[Provided records — start]
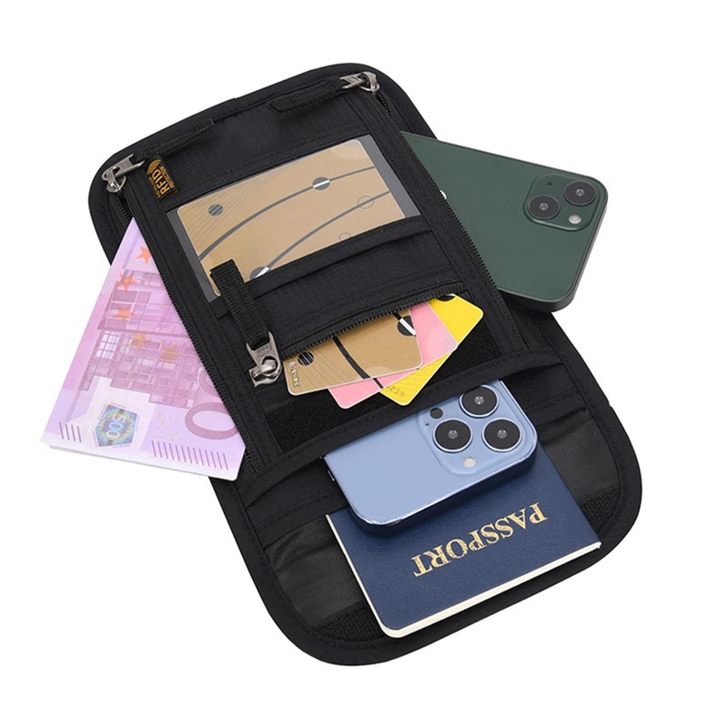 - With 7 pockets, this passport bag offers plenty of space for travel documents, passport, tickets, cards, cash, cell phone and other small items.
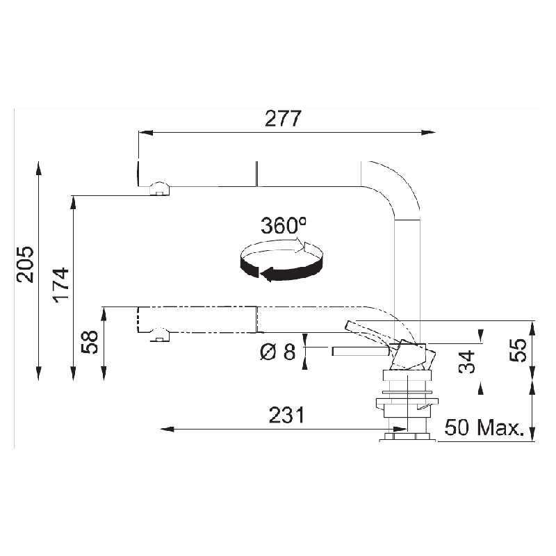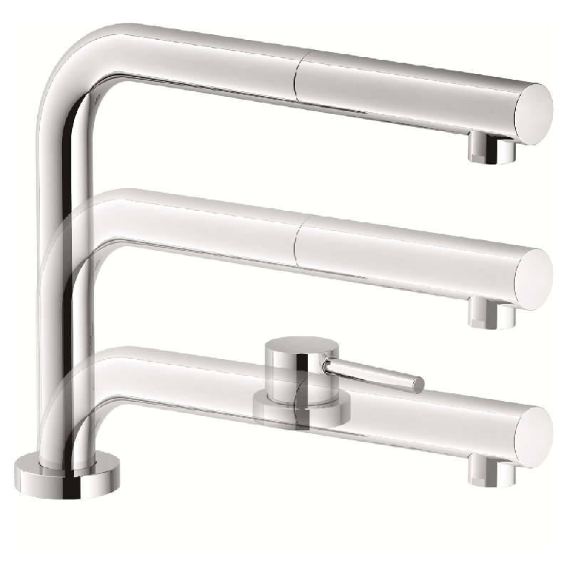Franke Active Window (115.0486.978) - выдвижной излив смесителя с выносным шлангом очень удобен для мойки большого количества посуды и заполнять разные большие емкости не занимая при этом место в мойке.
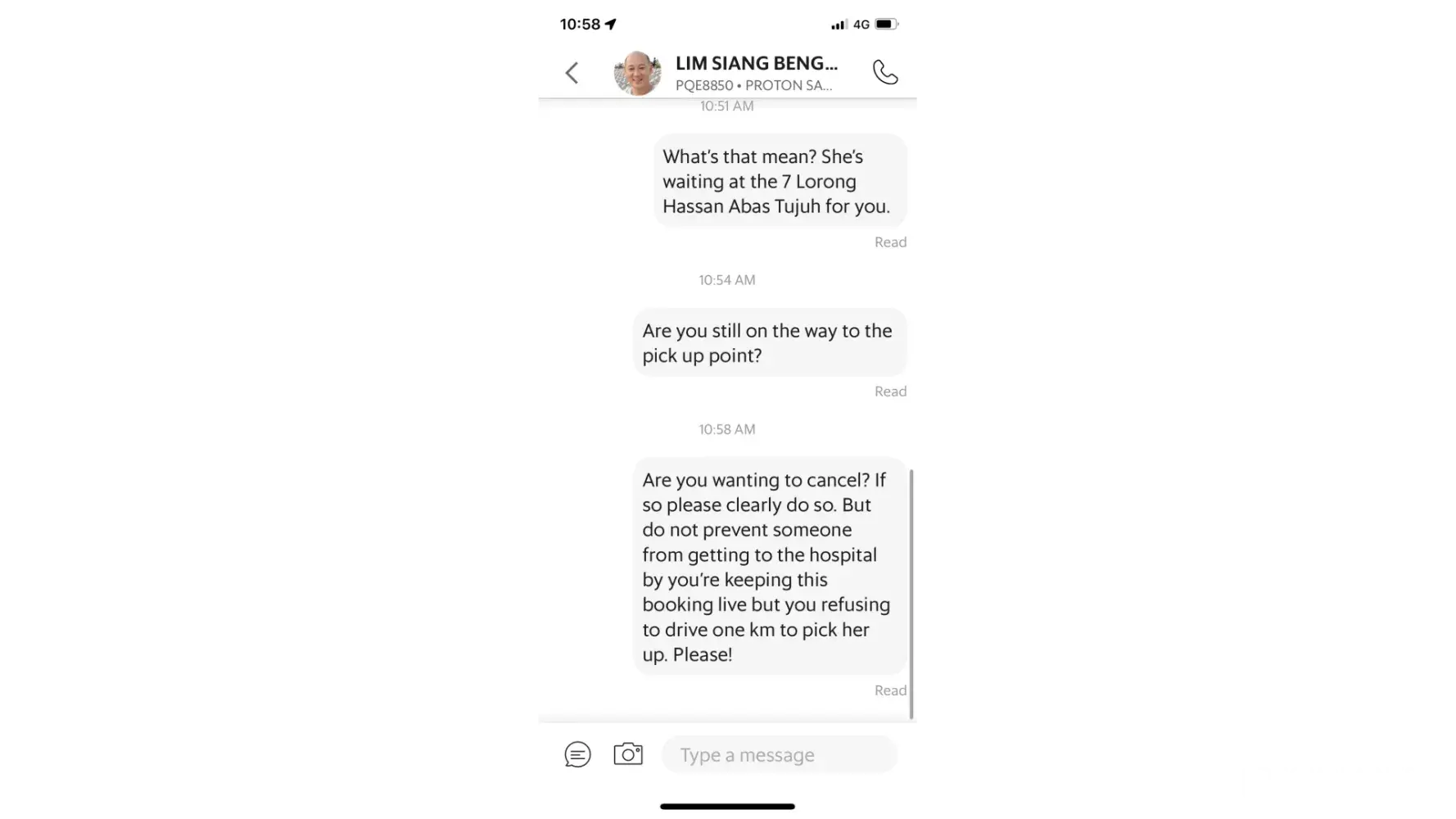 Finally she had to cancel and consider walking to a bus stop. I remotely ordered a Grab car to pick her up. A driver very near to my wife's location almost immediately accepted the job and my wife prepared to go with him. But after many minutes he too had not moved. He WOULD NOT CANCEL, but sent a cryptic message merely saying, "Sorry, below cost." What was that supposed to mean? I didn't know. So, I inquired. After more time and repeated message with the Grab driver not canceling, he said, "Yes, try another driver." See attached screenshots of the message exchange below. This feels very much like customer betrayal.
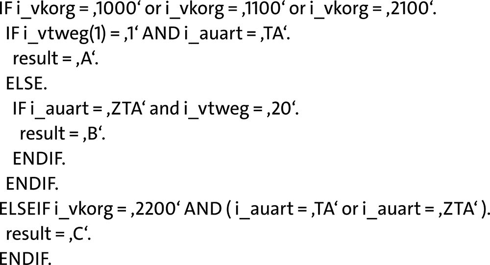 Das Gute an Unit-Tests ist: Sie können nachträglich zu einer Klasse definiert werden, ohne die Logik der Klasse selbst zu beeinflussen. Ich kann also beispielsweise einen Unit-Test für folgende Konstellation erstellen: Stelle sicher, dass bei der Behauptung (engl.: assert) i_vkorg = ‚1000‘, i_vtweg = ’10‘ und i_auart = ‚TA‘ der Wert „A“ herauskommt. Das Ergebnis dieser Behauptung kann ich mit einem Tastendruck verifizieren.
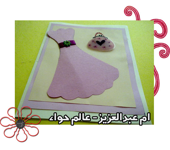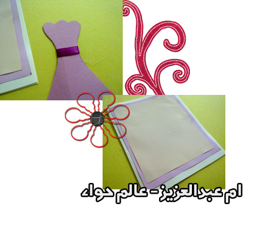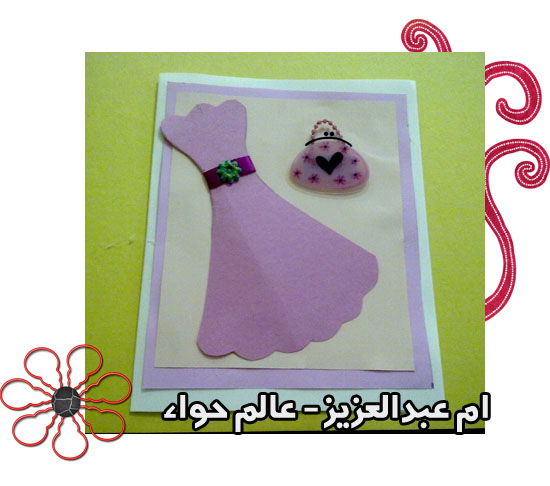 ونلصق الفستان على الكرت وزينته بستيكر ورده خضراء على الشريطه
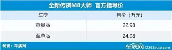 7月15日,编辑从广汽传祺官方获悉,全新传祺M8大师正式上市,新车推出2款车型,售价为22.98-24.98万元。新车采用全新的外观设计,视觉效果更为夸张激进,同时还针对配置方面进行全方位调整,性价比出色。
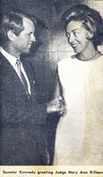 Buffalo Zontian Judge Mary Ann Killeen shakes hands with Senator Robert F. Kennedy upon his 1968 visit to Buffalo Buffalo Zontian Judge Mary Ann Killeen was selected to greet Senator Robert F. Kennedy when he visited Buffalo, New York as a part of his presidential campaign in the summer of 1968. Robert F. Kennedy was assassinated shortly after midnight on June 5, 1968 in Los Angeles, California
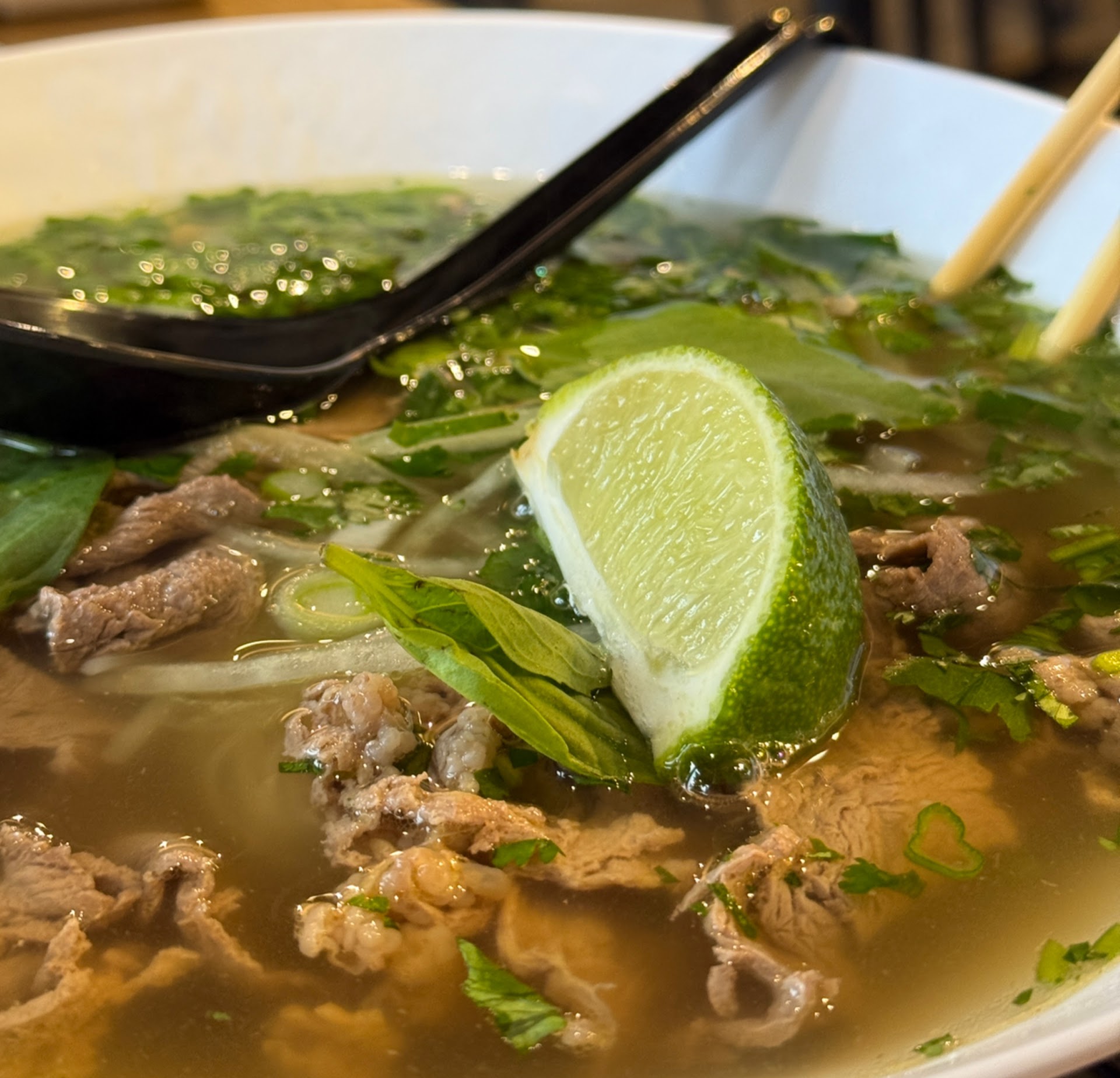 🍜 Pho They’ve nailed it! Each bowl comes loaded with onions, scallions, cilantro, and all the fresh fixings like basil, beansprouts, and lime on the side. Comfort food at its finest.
[Provided records — finish]
Give an exact copy of the data, and omit any pictures it holds.

(Finished task)
 - With 7 pockets, this passport bag offers plenty of space for travel documents, passport, tickets, cards, cash, cell phone and other small items.
Franke Active Window (115.0486.978) - выдвижной излив смесителя с выносным шлангом очень удобен для мойки большого количества посуды и заполнять разные большие емкости не занимая при этом место в мойке.
 Finally she had to cancel and consider walking to a bus stop. I remotely ordered a Grab car to pick her up. A driver very near to my wife's location almost immediately accepted the job and my wife prepared to go with him. But after many minutes he too had not moved. He WOULD NOT CANCEL, but sent a cryptic message merely saying, "Sorry, below cost." What was that supposed to mean? I didn't know. So, I inquired. After more time and repeated message with the Grab driver not canceling, he said, "Yes, try another driver." See attached screenshots of the message exchange below. This feels very much like customer betrayal.
 Das Gute an Unit-Tests ist: Sie können nachträglich zu einer Klasse definiert werden, ohne die Logik der Klasse selbst zu beeinflussen. Ich kann also beispielsweise einen Unit-Test für folgende Konstellation erstellen: Stelle sicher, dass bei der Behauptung (engl.: assert) i_vkorg = ‚1000‘, i_vtweg = ’10‘ und i_auart = ‚TA‘ der Wert „A“ herauskommt. Das Ergebnis dieser Behauptung kann ich mit einem Tastendruck verifizieren.
 ونلصق الفستان على الكرت وزينته بستيكر ورده خضراء على الشريطه
 7月15日,编辑从广汽传祺官方获悉,全新传祺M8大师正式上市,新车推出2款车型,售价为22.98-24.98万元。新车采用全新的外观设计,视觉效果更为夸张激进,同时还针对配置方面进行全方位调整,性价比出色。
 Buffalo Zontian Judge Mary Ann Killeen shakes hands with Senator Robert F. Kennedy upon his 1968 visit to Buffalo Buffalo Zontian Judge Mary Ann Killeen was selected to greet Senator Robert F. Kennedy when he visited Buffalo, New York as a part of his presidential campaign in the summer of 1968. Robert F. Kennedy was assassinated shortly after midnight on June 5, 1968 in Los Angeles, California
 🍜 Pho They’ve nailed it! Each bowl comes loaded with onions, scallions, cilantro, and all the fresh fixings like basil, beansprouts, and lime on the side. Comfort food at its finest.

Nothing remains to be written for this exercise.